There are limitations of the study; no controls or comparators were included in the external validation cohort, since the IMCCP study was designed before those recommendations from ACR/EULAR were in place, requiring future validation. A validation study using comparators is underway, but we encourage additional validation studies in different populations. Another limitation largely unavoidable in observational data is the high frequency of missing data in the derivation data set and validation samples, reflecting differences in practice patterns in evaluating patients. Nevertheless, 80% of cases and comparators had muscle biopsy data available, whereas magnetic resonance imaging (MRI) data and electromyography were only available for 38% and 29% of cases, respectively, reflecting their limited usage in clinical diagnosis. However, MRI data and electromyography examination are still important for diagnostic purposes of IIM. Patients studied had to have their disease for at least 6 months, which did not allow us to study new‐onset patients. Importantly, these criteria are proposed as classification criteria in research and in clinical trials, not as diagnostic criteria 35.There is also some possibility that the cut points established for probable and definite myositis will need adjustment when tested with new populations of patients.

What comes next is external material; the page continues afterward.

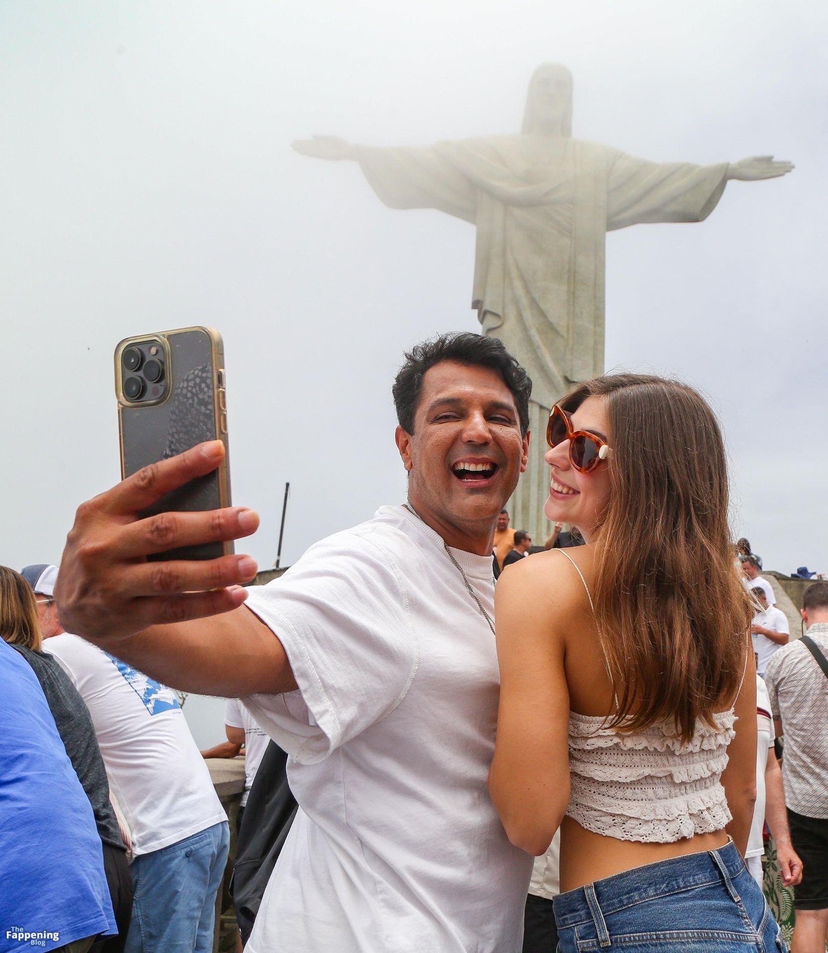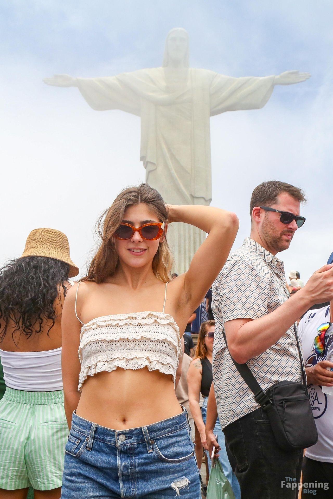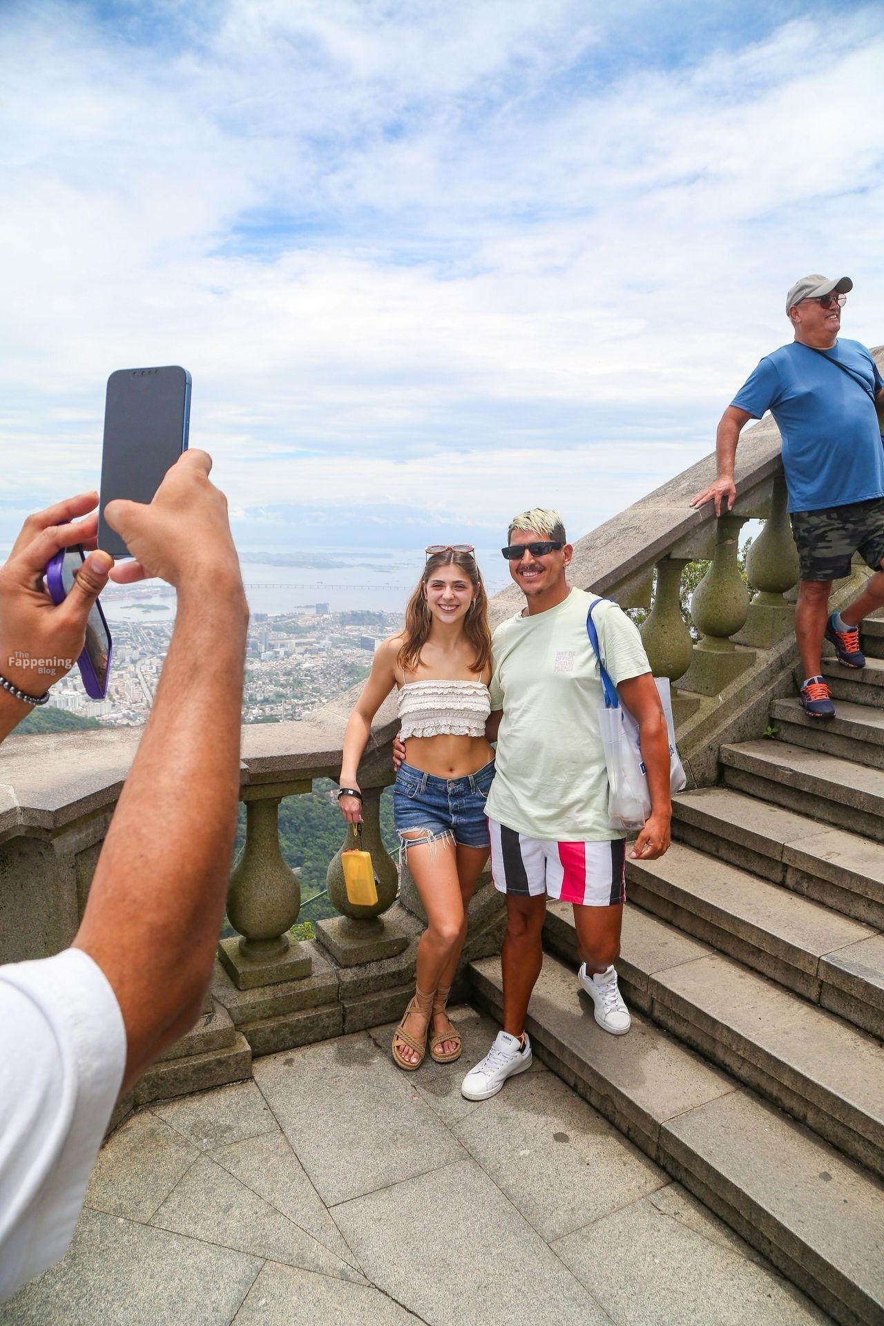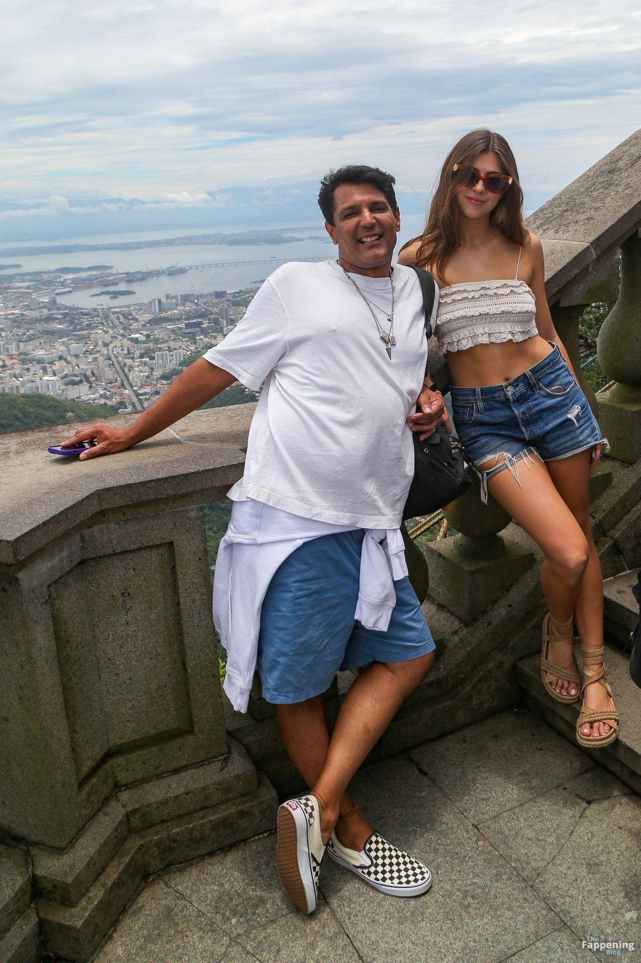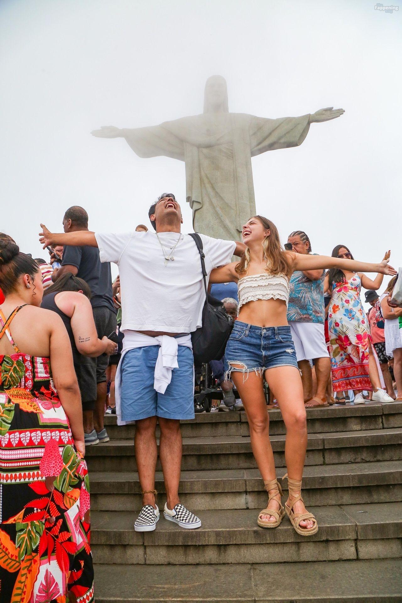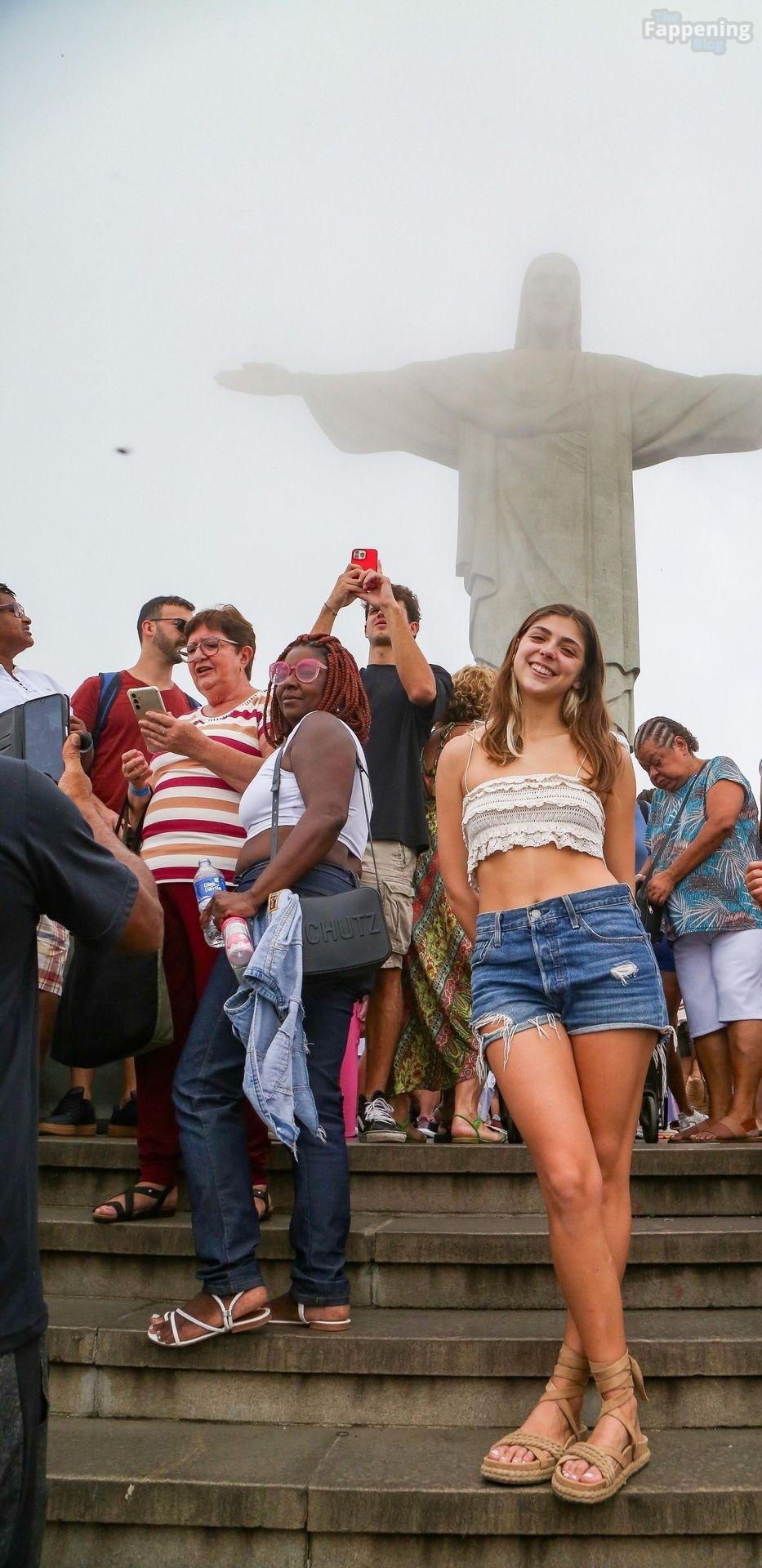 Spanish actress Carmen Arrufat shows off her sexy legs as she poses with a friend as they visit the famous Christ The Redeemer statue in Rio.

It took almost 10 years to assemble sufficient numbers of patients with these rare diseases, and 3 subgroups did not have enough subjects to study adequately. During this period, a new IIM subgroup became recognized, IMNM 36, of which only a few cases were included in the study. IMNM cases could thus not be distinguished from PM in the subclassification tree. Another subgroup with few cases was juvenile PM, making a data‐derived distinction from JDM impossible. However, pediatric rheumatology experts in the IMCCP recommended that the adult subclassification of IIM could be used for juvenile PM by extrapolation (Figure 2). IBM cases were identified in the subclassification tree by the clinical features of finger flexor weakness and no response to treatment, or by the presence of rimmed vacuoles in muscle biopsies 37.

Another limitation was the low frequency of myositis‐specific autoantibodies documented. Five myositis‐specific autoantibodies were included: anti–Jo‐1, anti–Mi‐2, anti–signal recognition particle, anti–PL‐7, and anti–PL‐12 antibodies, and all were strongly associated with IIM. However, only anti–Jo‐1 autoantibody had a significant number of observations (n = 1,062) to permit analyses and inclusion in the classification criteria. A future update of the EULAR/ACR classification criteria should include the more recently‐identified myositis‐specific autoantibodies 21, 22, in addition to more patients with IMNM, ADM, hypomyopathic DM, and juvenile cases other than JDM.

Recommendations

Conclusions

New classification criteria for IIM and the major IIM subgroups have been developed. These data‐driven criteria have a good feasibility, high sensitivity and specificity, have been partly validated in external cohorts, and are superior to previous criteria in capturing different subgroups of IIM. Revision of the criteria in the future will be important when additional validated myositis autoantibody tests, imaging, and other tests are available in more IIM cases and comparator cases without IIM.

Author Contributions

All authors were involved in drafting the article or revising it critically for important intellectual content, and all authors approved the final version to be published. Dr. Lundberg had full access to all of the data in the study and takes responsibility for the integrity of the data and the accuracy of the data analysis.